While the positive effect of trees on thermal comfort is well‐established, particularly in urban street canyons, their impact on air quality remains questionable, especially in the case of pollutants emitted by heavy traffic at the pedestrian level. Complex microscale models of an urban boundary layer with a high spatial resolution (down to 1 m) enable a deeper understanding of most processes at street‐level scale and can simulate selected variables related to air quality and bio‐meteorology with high precision and fidelity. In this study, scenarios with different percentages of tree coverage of two streets were simulated under different atmospheric stratifications to investigate the problem. Real geography and quasi‐real meteorology were used as a background. Results of the Parallelized Large‐eddy Simulation Model (PALM) model simulations, which utilised a large‐eddy simulation (LES) core, showed the spatio‐temporal variability of the thermal comfort and dust concentration at the pedestrian level.
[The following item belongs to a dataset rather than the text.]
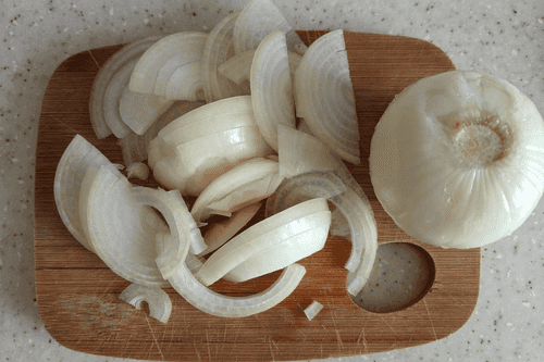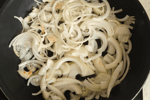 Pour sunflower oil into a well-heated pan and fry the onion until golden.

The findings indicate that the effect of trees on the local microclimate is crucial and complex and cannot be omitted during the planning of urban mitigation measures. The study demonstrates a notable improvement in thermal comfort, with a significant decrease in the thermal index in shaded areas beneath trees during the hottest part of the day, as well as a cooling effect of urban greenery just after sunset. However, the analysis also revealed a significant downside: in narrower streets, PM10 concentrations increased by more than 100% compared with tree‐free scenarios. The slowdown and vertical shift of the primary vortex within the street caused by the trees can mostly explain the changes in pollution dispersion. This indicates a potential trade‐off between thermal comfort and air quality in densely built urban environments.